Until now, school district foundations have engaged in little major fund raising. They've functioned as bank accounts for people who give money and equipment to schools -- or who include public schools in their wills.

Then there's Maryland's use of the quirky law of "escheat," which holds that if people die without wills or heirs, their estates revert to the school system in the district where they lived.

Now, however, the districts will be more aggressive in their fund raising, approaching wealthy people, businesses and foundations with hat in hand but without apology. "Foundation revenue can make that little bit of difference in quality," said Norman, who called her foundation "the best-kept secret in Baltimore County."

If it becomes a trend, such fund raising might reduce some of the pressures on PTAs at just the time they're trying to de-emphasize the need to plead. That, in turn, would be a relief to thousands of parents who feel compelled to buy cookies, candy bars and Christmas wrapping to support PTA budgets.

"We're not a fund-raising organization," said Linda J. Olszewski, president of the Baltimore County PTA Council. "We wouldn't have been around for more than 100 years if that were our sole purpose."

Olszewski said the PTA wants to "raise voices and not budgets" by becoming a major player in discourse on education policy -- putting in its 2 cents' worth about reading instruction in Maryland, for example.

Olszewski pointed to an irony in PTA fund raising: "It creates greater financial inequities than those that already exist." In other words, PTAs at wealthy schools can raise thousands of dollars and greatly enhance the life of a school.

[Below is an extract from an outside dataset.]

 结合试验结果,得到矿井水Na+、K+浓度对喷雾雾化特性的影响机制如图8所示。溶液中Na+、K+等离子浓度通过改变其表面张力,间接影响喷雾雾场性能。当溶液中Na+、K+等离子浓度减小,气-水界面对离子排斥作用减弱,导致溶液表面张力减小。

Thems that can't? Many schools in Baltimore have no functional PTAs.

One thing a district foundation can do is spread the wealth a little, giving grants to schools that don't have the capacity to raise big bucks on their own for educational enrichment.

Meyerhoff grants $5 million to Hillel Foundation

Joseph Meyerhoff, one of Baltimore's most generous modern--

benefactors, has been dead for 12 years, but he and his family keep giving.

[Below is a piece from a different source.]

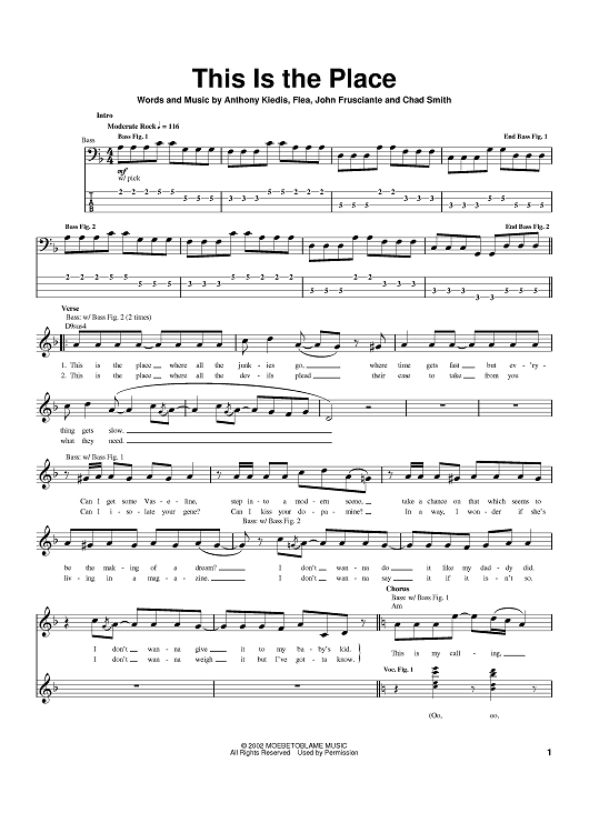 Digital Sheet Music for This Is The Place by Flea, John Frusciante, Anthony Kiedis, Red Hot Chili Peppers scored for Bass Tab; id:372156

The latest example is a $5 million grant from the Joseph Meyerhoff Memorial Trusts in Baltimore to the Washington- based Hillel Foundation for Jewish Campus Life.

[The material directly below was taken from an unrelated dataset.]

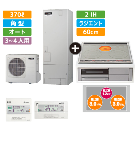 ③オートタイプ370ℓエコキュート+ビルトインIHクッキングヒーターセット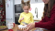 Mom cuts a freshly baked homemade cake to enjoy with her sweet daughter

The endowment, the largest in Hillel's 75-year history, will allow the organization to expand programs at several hundred colleges and universities around the world, said Richard M. Joel, Hillel's president.

Joel described the Hillel approach as "sort of a cross between a Newman Club [for Catholic students] and a Third World or women's center." A typical use of the Meyerhoff grant, he said, might be to establish a campus study group "where people can engage in a dialectic of classical Jewish learning."

Many Jewish students are ignorant of the "Jewish story," Joel said. The Meyerhoff grant will help them "learn more about who we are, what we are, what our values are. We try to connect Jews to their story."

Worthy MSPAP rewards show many are not gaining

The rewards for good (and sustained) results in the Maryland School Performance Assessment Program are worth writing home about. The cash bounties for "substantial and sustained" MSPAP progress between 1994 and last year totaled $2.75 million.

In all, 66 schools in 14 districts received awards ranging from $19,600 to $79,000.

Maryland wisely has required the schools to spend their well-gotten gains on school improvement, not for teacher pay bonuses. When Kentucky allowed bonuses in its reform program, all hell broke loose.

The Maryland performance awards have to be seen in perspective. Sixty-six of 1,075 schools were lauded for substantial improvement over the two years. This leaves aside 94 percent of the state's elementary and middle schools.